В конечном счете в ершалаимских главах царит неопределенность, хотя на первый взгляд это не так. Внимание Булгакова к деталям при описании археологических, географических и исторических реалий Иерусалима I века постоянно превозносится критиками, которые видят в стремлении писателя к исторической точности полемику с Евангелиями, историческая достоверность которых часто оспаривалась, особенно учеными школы исторической критики. Дж. Кёртис полагает, что образцом для «поразительно осязаемого реализма» ершалаимских глав послужила в первую очередь «Жизнь Иисуса Христа» Ф. В. Фаррара (1874) – труд, призванный подтвердить историчность божественного Иисуса[165]
. От висячих мостов, крепостей и ершалаимского храма «с неподдающейся никакому описанию глыбой мрамора с золотою драконовой чешуею вместо крыши» (45) в главе 2 до «крылатых богов над гипподромом», «Хасмонейского дворца с бойницами», базаров, караван-сараев, переулков, прудов (279) и узких, многолюдных улиц Нижнего Города в главе 25, булгаковский Ершалаим исключительно выразителен и колоритен. Читателя как будто призывают ощутить правдивость булгаковского описания и его разительное отличие от евангельских повествований. Кажется, будто рассказ Булгакова о Страстях более достоверен, исторически обоснован.Более того, Булгаков старается увести нас еще дальше от четырех Евангелий, до неузнаваемости изменяя имена и названия. Булгаковский Иисус называется Иешуа Га-Ноцри, что исторически более точно. Иешуа – древнееврейское имя, означающее «Господь-спаситель»; Иисус – его видоизмененная форма. Га-Ноцри означает «из Назарета». Санхедрин (верховный орган власти у евреев в период римского господства; Совет старейшин в синодальном переводе Библии) превращается в Синедрион (что является греческой транскрипцией). Иудейский первосвященник (в русскоязычной Библии Каиафа) носит имя Иосиф Кайфа, Иуда Искариот именуется Иудой из Кириафа (вслед за Ренаном Булгаков использует объясняющее имя); имя Матфей русифицировано как Матвей. Иерусалим превращается в Ершалаим (вариант древнееврейского Иерушалаим). И так далее[166]

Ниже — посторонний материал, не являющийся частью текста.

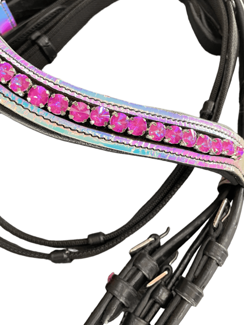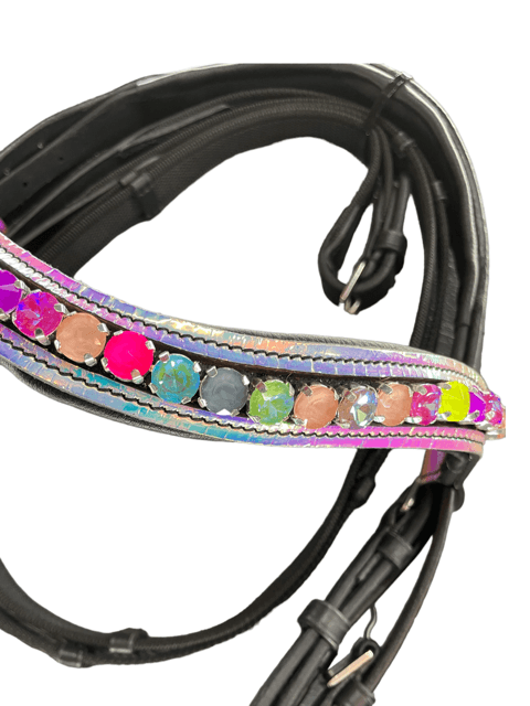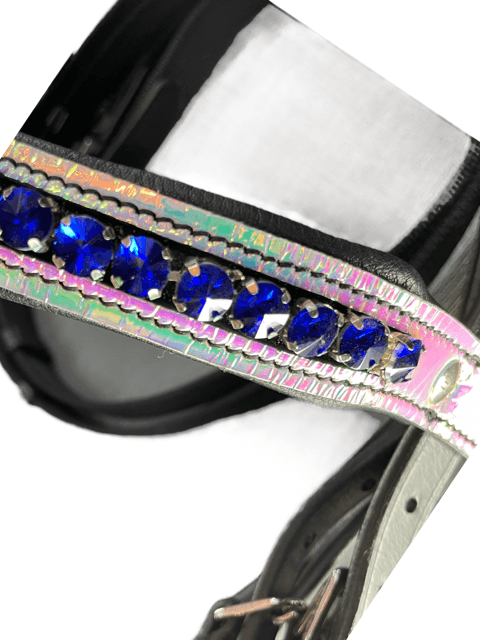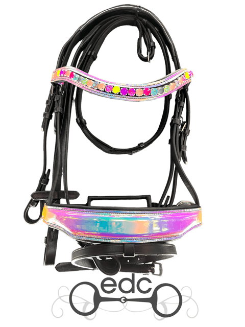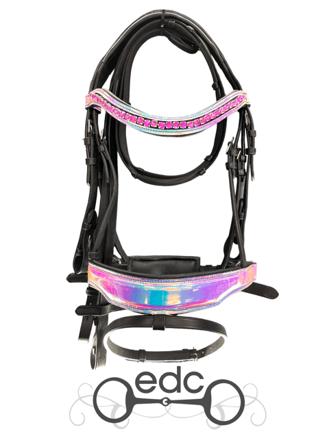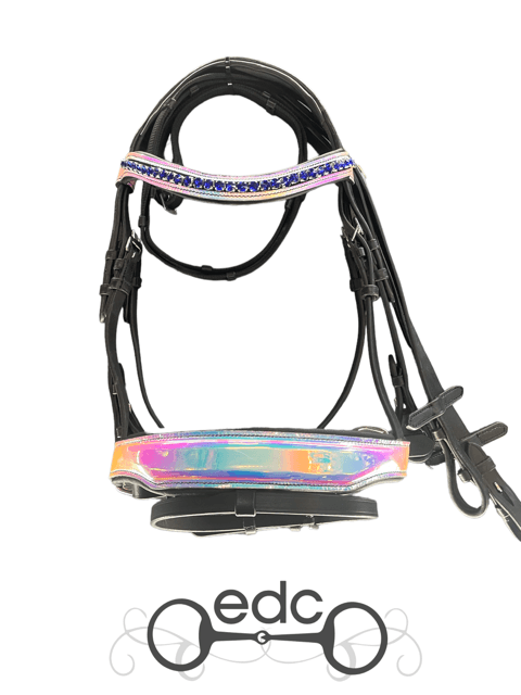 The EDC Holographic Bridle brings ALL colours together. A rainbow of happiness to frame your horses face. There is a choice of a Neon crystal Browband, all pink crystal Browband or the royal blue Browband .

. Э. Проффер отмечает, что в Иерусалиме I века смешение арамейского, греческого и латыни в рамках одного разговора было обычным делом, но цель Булгакова здесь не в достижении только максимального реализма, но и отчуждения – отсюда неожиданно «русское» имя Левия Матвея.Но самому сильному отчуждению подвергается сам евангельский сюжет. Как упоминалось выше, перед читателем предстает Иисус, совсем не похожий на Иисуса Евангелий. Иешуа Га-Ноц-ри изо всех сил старается убедить Пилата, что он не пророк и не обладает какими-либо сверхъестественными способностями. Хотя он, кажется, читает мысли Пилата и исцеляет его от мигрени, свое предполагаемое ясновидение он объясняет тем, что попросту интерпретирует жесты Пилата. Что до умения исцелять, то оба раза, когда Пилат спрашивает его, не врач ли он, Иешуа это отрицает (35, 36).
Отрицает он и то, что въехал в город через Сузские ворота на осле, сопровождаемый толпами народа. Напротив, объясняет он, сопровождал его один только Левий Матвей, который путает все его речи. Точно так же толпа неверно толкует его слова о том, что «рухнет храм старой веры и создастся новый храм истины» (33), и воображает, будто, говоря о храме старой веры, Иешуа призывает разрушить здание Ершалаимского храма (по этому обвинению он и предстал перед судом Пилата). Сирота, не помнящий своих родителей, родом он не из Назарета (как следует из его имени), а из Гамалы (или, как говорится в главе 26, из Эн-Сари-да – нестыковка, которую автор бы, вероятно, исправил, если бы успел отредактировать вторую часть). Иешуа исповедует веру в единого Бога; он утверждает, что в мире нет злых людей (называет каждого «добрый человек», в чем ярко проявляется персонализм); он верит, что люди изменятся, если только он сможет с ними поговорить; и в конечном счете Пилат приговаривает его к смерти за утверждение, что на смену «власти кесарей» придет «царство истины и справедливости, где вообще не будет надобна никакая власть» (41).